- [TASK INSTRUCTIONS]: Only the lines from the top of the listing below to the line that has "Este bonito cobertor" should be echoed, with both ends kept and pictures left out.

- [DATASET ENTRIES]:
%%

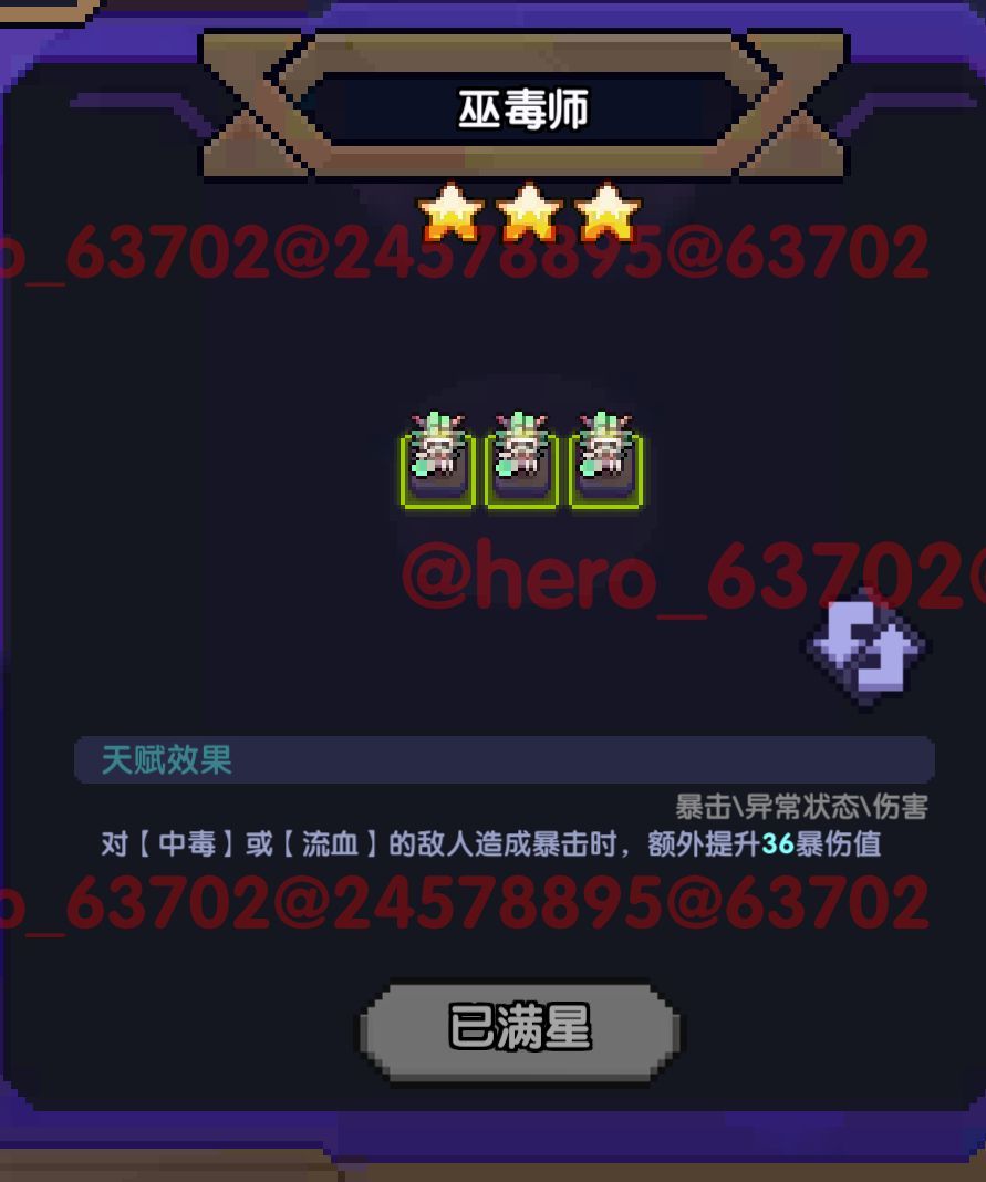 说明:后续天赋可以稳定挂中毒,故36爆伤可以稳定吃到。
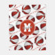 Este bonito cobertor de velo de basquete apresenta um padrão espelhado de bolas de cesto que alternaram painéis vermelhos e brancos - a frase "O campo de basquete é o meu lugar feliz" em uma fonte casual, escrita à mão juntamente com formas cardíacas em trechos vermelhos entre as linhas angustiadas das bolas de basquete - o nome de atleta e o monograma podem ser personalizados no grande pendante do círculo - o fundo é branco personalizável monograma com a letra varsity do jogador ou número jersey - por katz_d_zynes
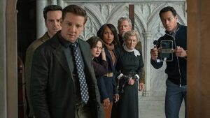 This is the guy who dies. And there’s no mystery as to why; he’s a big jerk. Whether it’s running down potential new parishioners from the pulpit or deliberately mentioning how often he masturbates when giving his own confession to Father Jud, Monsignor Wicks is burning down to the, well, you know. And it’s only a matter of time before his expiration date elapses. And in this case, it’s a doozy – he face plants with a knife wound in a dead-end closet stage left during a “full” mass. All the suspects are present and accounted for. I won’t go into them, but this is a loaded cast. After O’Connor, the possibles include Glenn Close, Kerry Washington, Andrew Scott, Jeremy Renner, Cailee Spaeny, and Thomas Haden Church. And every single one of these guys has an alibi for they were all looking at one another at the time of the murder off-stage.
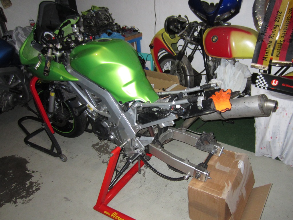 Das Wilbers Federbein sollte Einzug erhalten. Also erst mal die Heckverkleidung ab, das Hinterrad raus und das GSX-R Federbein demontiert, welches 2012 super Dienste verrichtete.
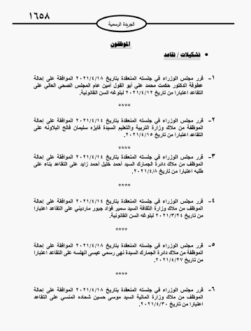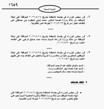 أحداث اليوم - قرر مجلس الوزراء إحالة موظفين في عدد من الوزارات والدوائر إلى التقاعد.وتاليا الاسماء:
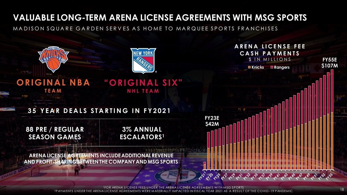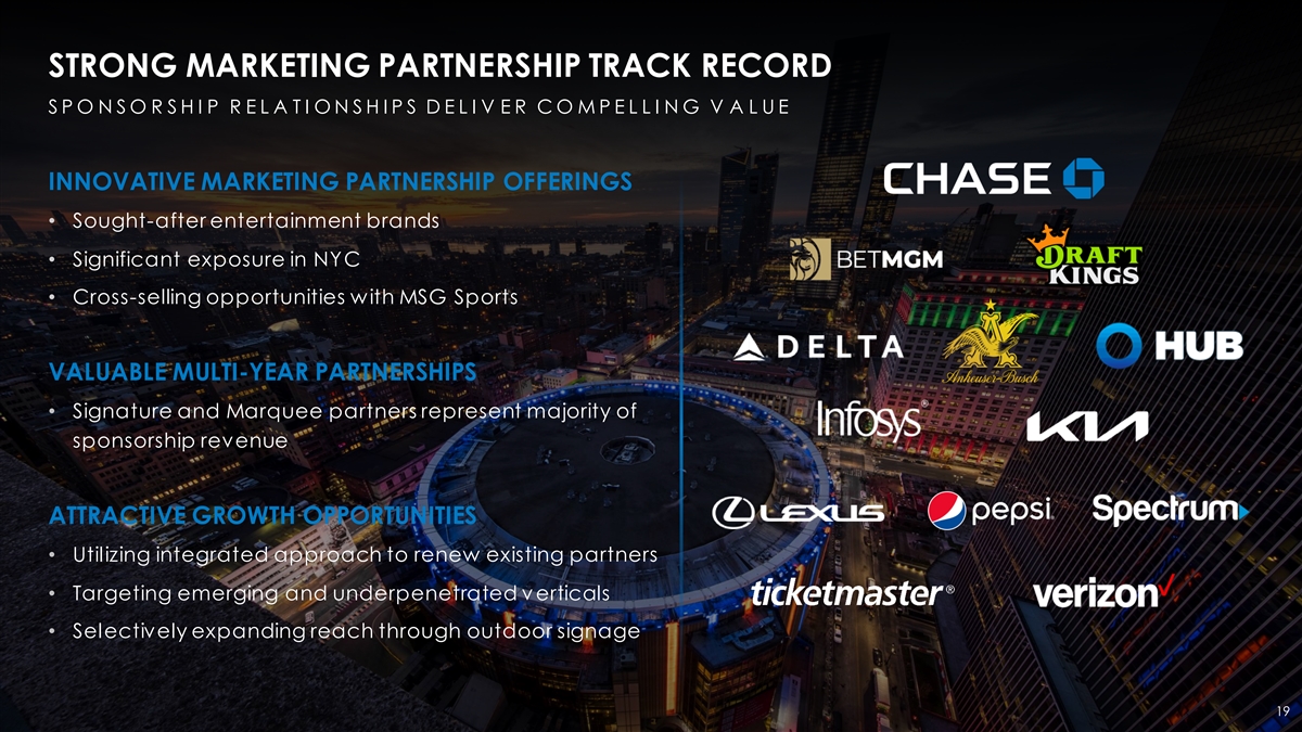 VALUABLE LONG-TERM ARENA LICENSE AGREEMENTS WITH MSG SPORTS M A D I S O N S Q U A R E G A R D E N S E R V E S A S H O M E T O M A R Q U E E S P O R T S F R A N C H I S E S A R E N A L I C E N S E F E E C A S H P A Y M E N T S $ I N M I L L I O N S FY55E $107M Knicks Rangers ORIGINAL NBA “ORIGINAL SIX T E A M N H L T E A M 3 5 Y E A R D E A L S S T A R T I N G I N F Y 2 0 2 1 FY23E $42M 88 PRE / REGULAR 3% ANNUAL 1 SEASON GAMES ESCALATORS ARENA LICENSE AGREEMENTS INCLUDE ADDITIONAL REVENUE AND PROFIT-SHARING BETWEEN THE COMPANY AND MSG SPORTS 1 FOR ARENA LICENSE FEES U NDER THE ARENA LICENSE AGREEM ENTS WITH M SG SPORTS 18 2 PAYM ENTS U NDER THE ARENA LICENSE AGREEM ENTS WERE M ATERIALLY IMPACTED IN FISCAL YEAR 2021 AS A RESU LT OF THE COVID -19 PANDEM IC
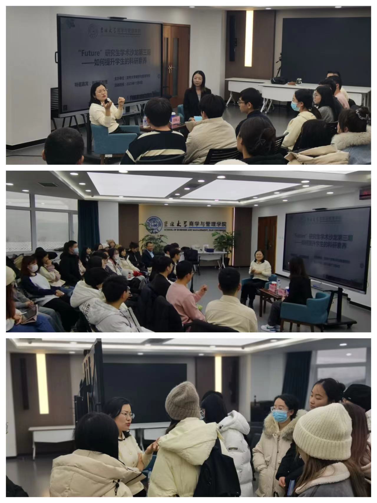 为更好地促进学术交流与科研创新,培养研究生同学们的学术兴趣,11月8日下午,商学与管理学院研究生会于东荣大厦A506开展了“Future”研究生学术沙龙第三期活动。本期学术沙龙邀请到了吉林大学“匡亚明学者”领军教授B岗、商学与管理系学院技术经济系教授、博士生导师尹苗苗老师作为主讲嘉宾,围绕“如何提升学生的科研素养”与同学们展开讨论与分享。商学与管理学院党委副书记马腾老师也一同参加了本次活动。
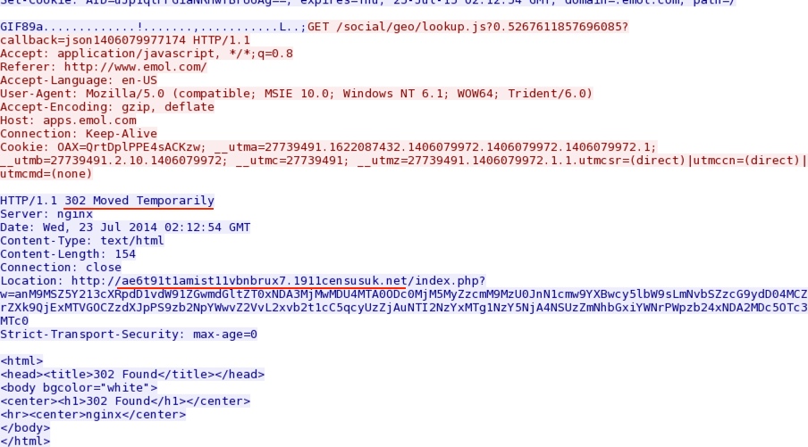 - 01:44:49 UTC - 184.154.117[.]170:80 - apps.emol[.]com - GET /social/geo/lookup.js?0.5267611857696085?callback=json1406079977174
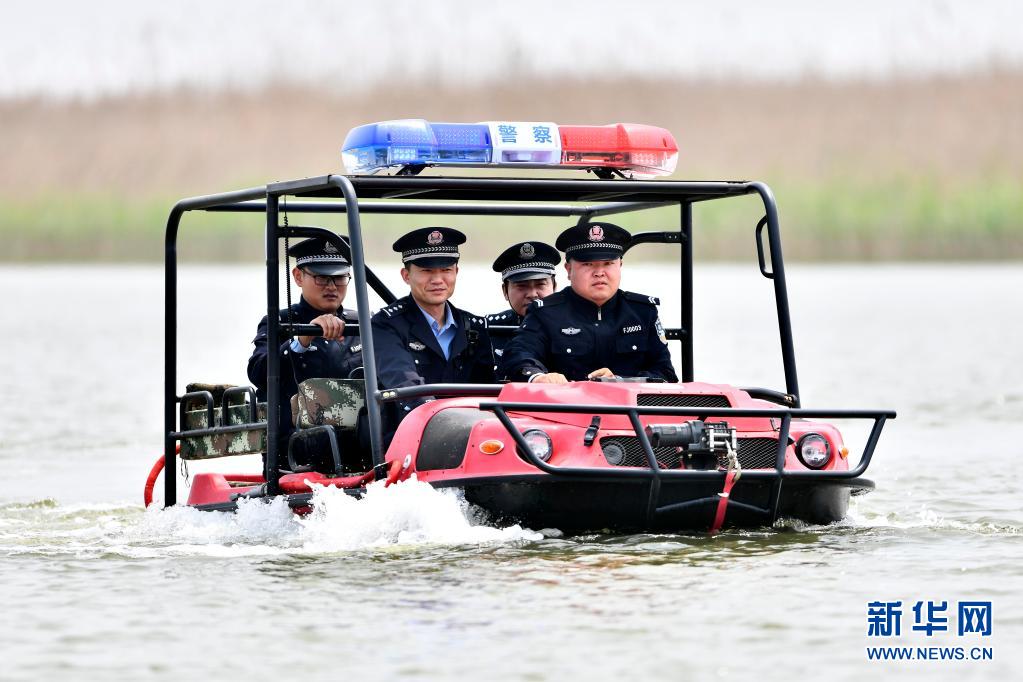 在山东黄河三角洲国家级自然保护区,杨华章(前排左)乘坐水陆两栖巡逻车和同事们巡查(5月13日摄)。新华社记者 郭绪雷摄
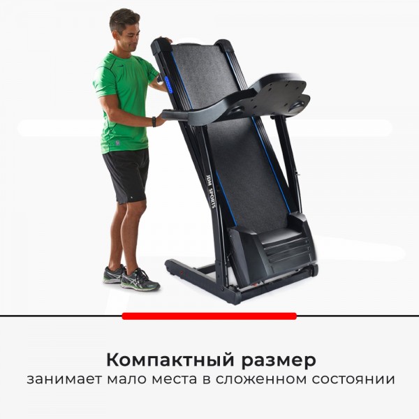 Тренажер обеспечивает спортсменам скорость до 16 км/ч, а ширина полотна 47 см будет достаточно комфортной как для ходьбы, так и для бега. Предусмотрена механическая регулировка наклона до 5 градусов. Модель можно складывать и перемещать на роликах.

%%

- [RESPONSE TO THIS EXERCISE]:
 说明:后续天赋可以稳定挂中毒,故36爆伤可以稳定吃到。
 Este bonito cobertor de velo de basquete apresenta um padrão espelhado de bolas de cesto que alternaram painéis vermelhos e brancos - a frase "O campo de basquete é o meu lugar feliz" em uma fonte casual, escrita à mão juntamente com formas cardíacas em trechos vermelhos entre as linhas angustiadas das bolas de basquete - o nome de atleta e o monograma podem ser personalizados no grande pendante do círculo - o fundo é branco personalizável monograma com a letra varsity do jogador ou número jersey - por katz_d_zynes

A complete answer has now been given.